Поскольку все таким образом, по-видимому, в полном порядке и, кажется, останется таковым, я снова искушен спросить, как ЭТО может быть? Мы питаем скрытые сомнения, действительно ли эти джентльмены ЯВЛЯЮТСЯ музыкантами; очевидно, они не проявляют ни малейшего МУЗЫКАЛЬНОГО ЧУВСТВА; однако, на самом деле, они СЛЫШАТ очень точно (с математической, а не идеальной точностью; contretemps, подобные тому, что случился с ошибочными оркестровыми партиями, случаются не с каждым); они быстро разбираются в партитуре, читают и играют с листа (многие из них, по крайней мере, делают это); короче говоря, они доказывают, что являются настоящими профессионалами; но, наряду с этим, их общее образование (Bildung) — несмотря на все усилия — таково, что может сойти за таковое только в случае музыканта; так что, если бы музыку вычеркнуть из списка их достижений, мало что осталось бы — меньше всего человек духа и смысла. Нет, нет! Они, безусловно, ЯВЛЯЮТСЯ музыкантами и очень компетентными музыкантами, которые знают и могут делать все, что относится к музыке. Ну, тогда? Как только они начинают исполнять музыку, они путают дела и чувствуют себя неуверенно во всем, если только это не «Ewig, selig» или, в лучшем случае, «Господь Саваоф!»

То, что делает нашу великую музыку великой, — это именно то, что сбивает этих людей с толку; к сожалению, это нельзя выразить словами и понятиями, ни арифметическими цифрами. И все же, что это, как не музыка? И только музыка! В чем же тогда может быть причина этой бесплодности, сухости, холодности, этой полной неспособности почувствовать влияние истинной музыки и в ее присутствии забыть любую маленькую досаду, любую мелкую ревнивую обиду или любое ошибочное личное представление? Мог бы поразительный дар Моцарта к арифметике послужить нам смутным объяснением? С одной стороны, кажется, что у него — чья нервная система была чрезмерно чувствительна к любому беспокоящему звуку, чье сердце билось с таким переполняющим сочувствием — идеальные элементы музыки встретились и соединились, чтобы образовать чудесное целое. С другой стороны, наивный способ Бетховена складывать свои счета достаточно хорошо известен; арифметические задачи любого рода или вида, безусловно, никогда не входили в его социальные или музыкальные планы. По сравнению с Моцартом он предстает как monstrum per excessum в сторону чувствительности, которая, не будучи сдержанной и уравновешенной интеллектуальным противовесом с арифметической стороны, вряд ли могла бы существовать или избежать преждевременного разрушения, если бы она, к счастью, не была защищена исключительно крепкой и надежной конституцией. И ничто в музыке Бетховена не может быть измерено или оценено цифрами; в то время как у Моцарта многое из того, что кажется регулярным — почти слишком регулярным (как уже упоминалось) — мыслимо и может быть объяснено как результат наивного смешения этих двух крайностей музыкального восприятия.

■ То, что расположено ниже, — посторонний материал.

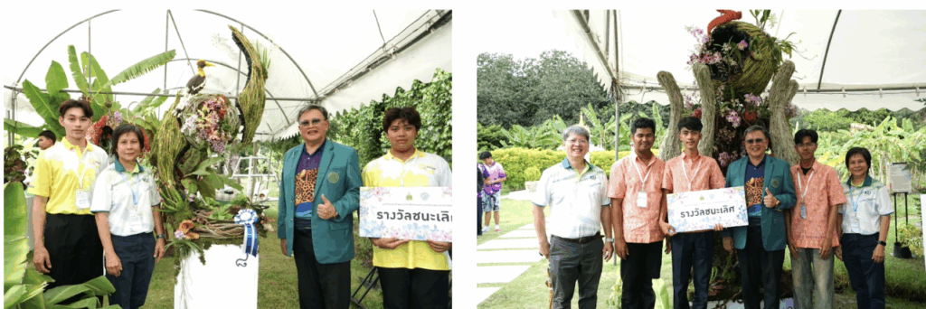 Students and alumni of the Faculty of Home Economics Technology won first place in the Orchid Arrangement Competition for the Her Majesty Queen Sirikit Royal Trophy.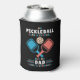 A can cooler for dads who love pickleball. Featuring a graphic of two paddles and a ball. The text reads "My pickleball game is strong... but my Dad game is stronger". A great gift for birthdays, Christmas and Father's Day.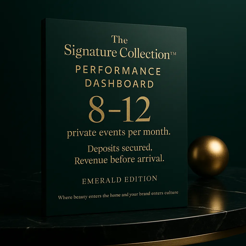 Eight to twelve Signature Collection events per month. Three or more guests per event. Deposits collected. Revenue secured. Brand elevated. We connect new and existing audiences into a single, self-sustaining system that flows every week. You focus on care. We handle precision.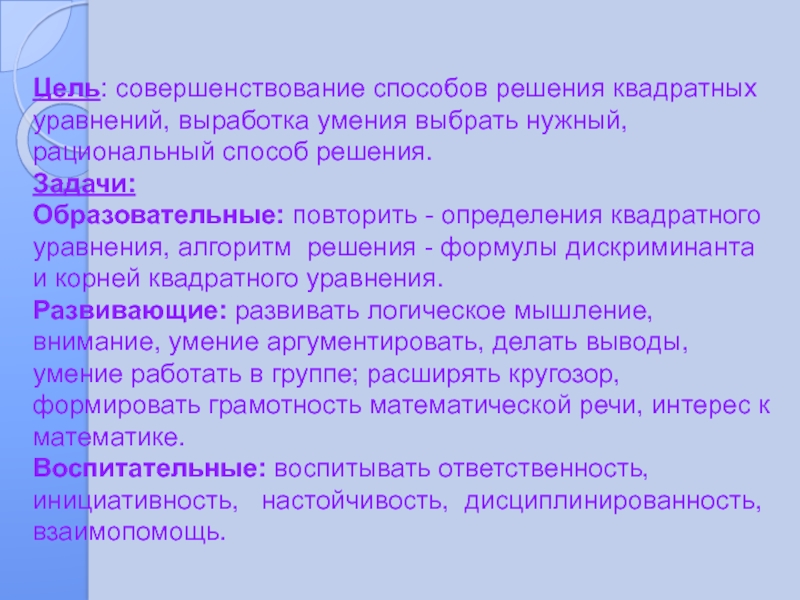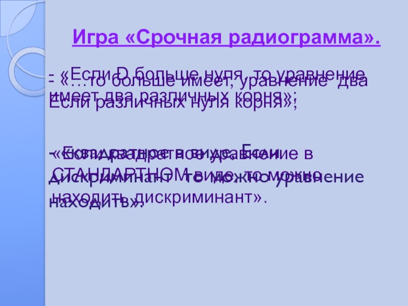 - «Если D больше нуля, то уравнение имеет два различных корня»;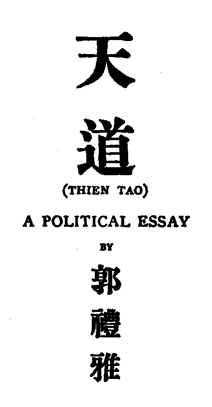 "WHAT," said Juju, "0 great Tao, do you recommend as a remedy for the ills of my unhappy country?"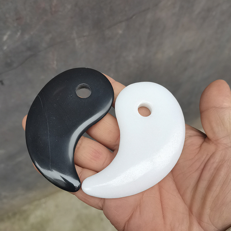 Stone needle Black and White Tai Chi eight diagrams Plate yin and yang fish scraping plate massage stone Jade energy stone eye Meridian tendon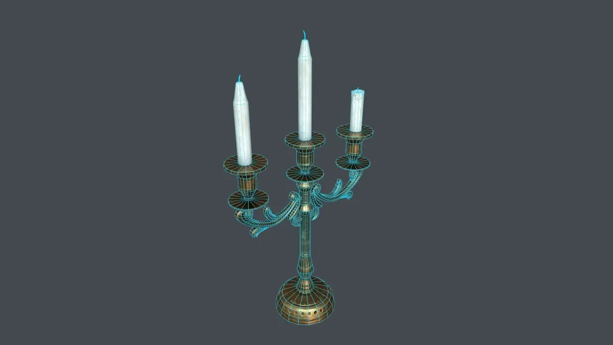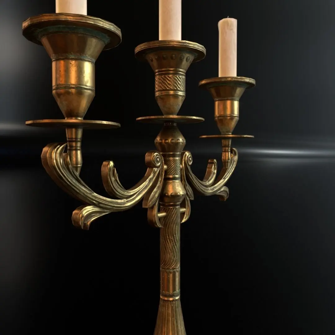 This package contains a high quality, game ready vintage, partly corroded bronze candle holder and 3 different candles that can be used in any realtime renderer that supports the physically based rendering pipeline aka PBR, using the metallic workflow. (If you are unsure what this means, texturing of this model is probably not compatible with your target renderer. Traditional specular/gloss maps are not included!)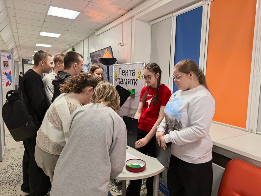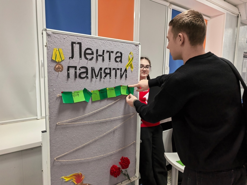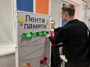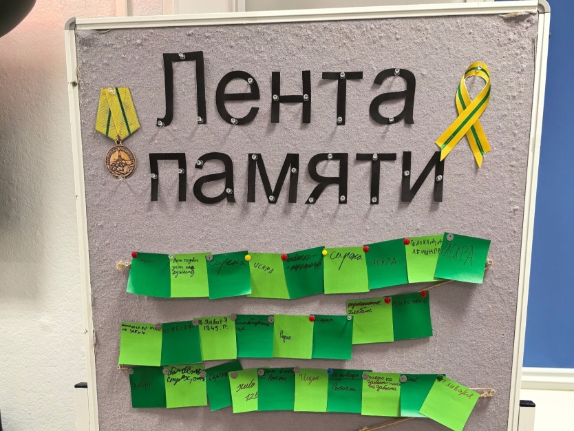 Каждый участник разместил свой листочек с записями на общем стенде. Постепенно сложилась настоящая «Лента памяти» — визуальная летопись чувств и знаний. Композиция была выполнена в цветах медали «За оборону Ленинграда», которые символизируют Победу и жизнь.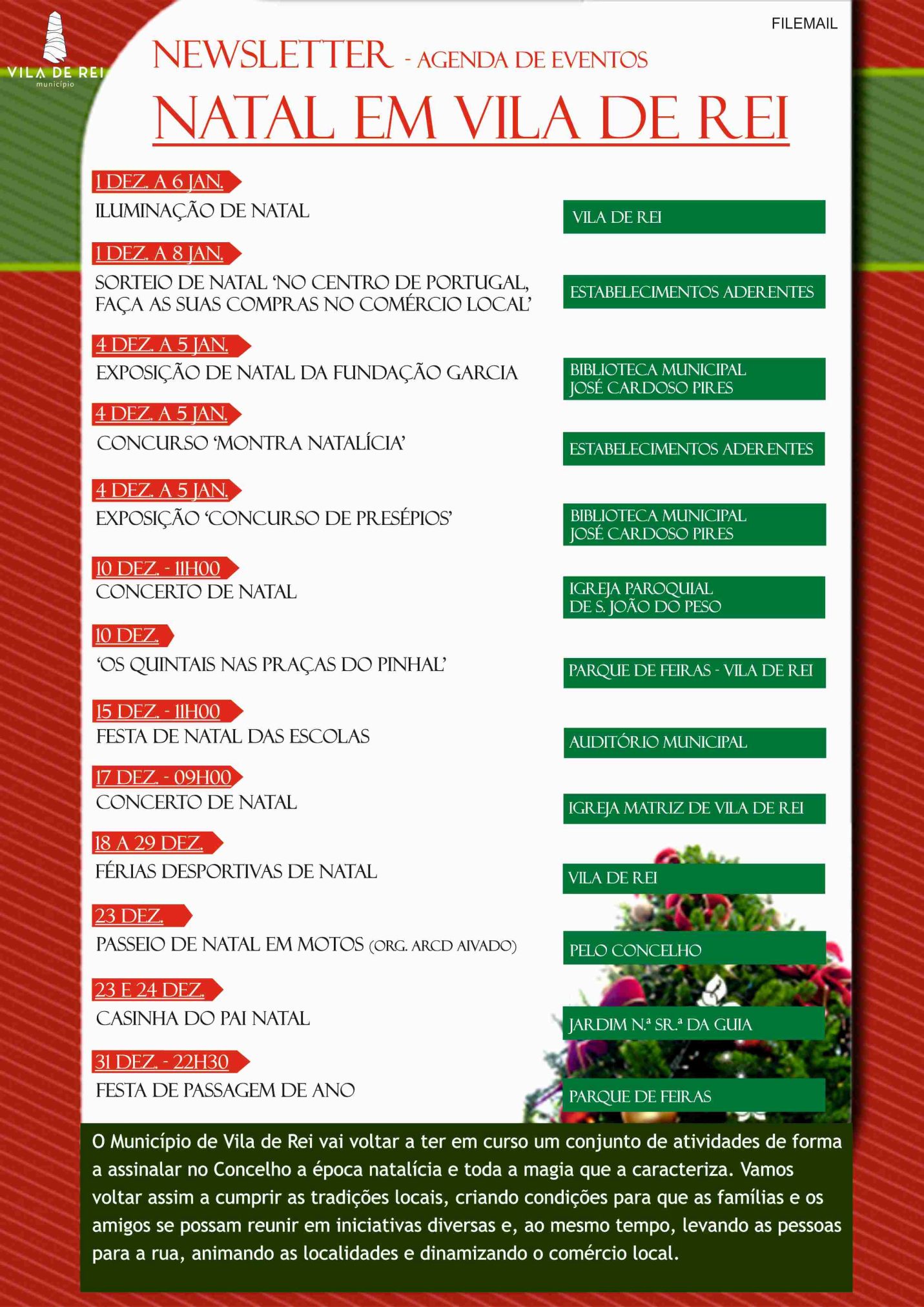 O Município de Vila de Rei vai voltar a apresentar um conjunto de atividades de forma a destacar no Concelho a época natalícia e toda a magia que a caracteriza. Para assinalar e embelezar as ruas de Vila de Rei, das sedes de freguesia e o Centro Geodésico, a Autarquia Vilarregense vai avançar novamente com as já tradicionais decorações e iluminações natalícias. Esta ação vai ter início já no…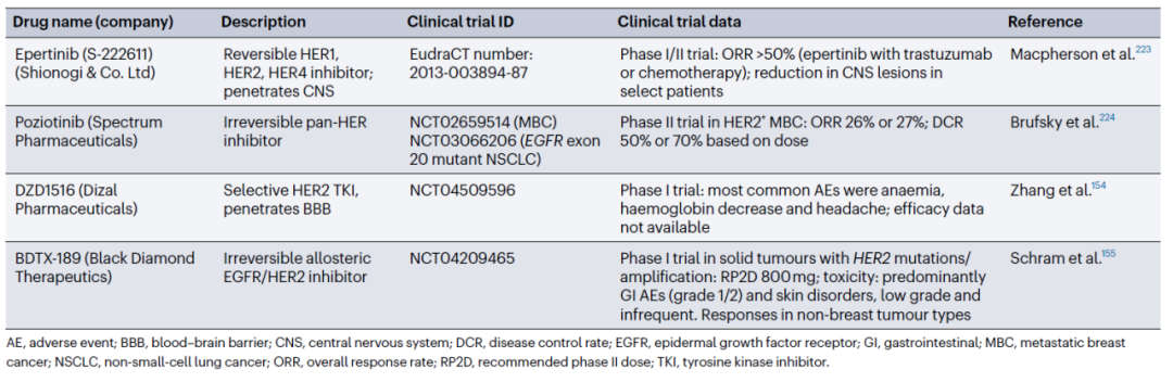 DZD1516是一种口服的、可逆的和选择性的HER2 TKI,具有完全的血脑屏障渗透性。在异种移植小鼠模型(包括皮下、脑转移和软脑膜转移模型)中证实了肿瘤消退活性[60]。BDTX-189是一种EGFR/HER2改变和HER2野生型的口服、ATP竞争性、不可逆的小分子抑制剂,旨在保护EGFR野生型以最大限度地降低毒性[61]。BDTX-189在体内表现出对多种变构ERBB突变体的有效、持续失活。一项针对携带特异性变构HER2或HER3突变或其他EGFR/HER2改变的晚期实体瘤的I期试验正在进行中。早期数据显示,BDTX-189在HER2扩增的肿瘤和具有EGFR和HER2外显子20插入的非小细胞肺癌(NSCLC)患者中具有活性[61]

Соответственно, профессиональные музыканты, находящиеся под следствием, предстают как чудовища в области музыкальной арифметики; и нетрудно понять, как такие музыканты, наделенные прямо противоположным бетховенскому темпераментом, должны преуспевать и процветать с нервной системой самого обычного типа.

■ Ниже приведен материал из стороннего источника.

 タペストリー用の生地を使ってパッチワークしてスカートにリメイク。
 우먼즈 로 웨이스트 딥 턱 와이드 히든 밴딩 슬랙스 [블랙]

Если тогда наши знаменитые и не знаменитые дирижеры рождены для музыки только под знаком Чисел (im Zeichen der Zahl), казалось бы очень желательным, чтобы какая-нибудь новая школа могла научить их правильному темпу для нашей музыки по правилу трех. Я сомневаюсь, что они когда-либо приобретут его простым путем музыкального чувства; поэтому я считаю, что теперь я достиг конца своей задачи.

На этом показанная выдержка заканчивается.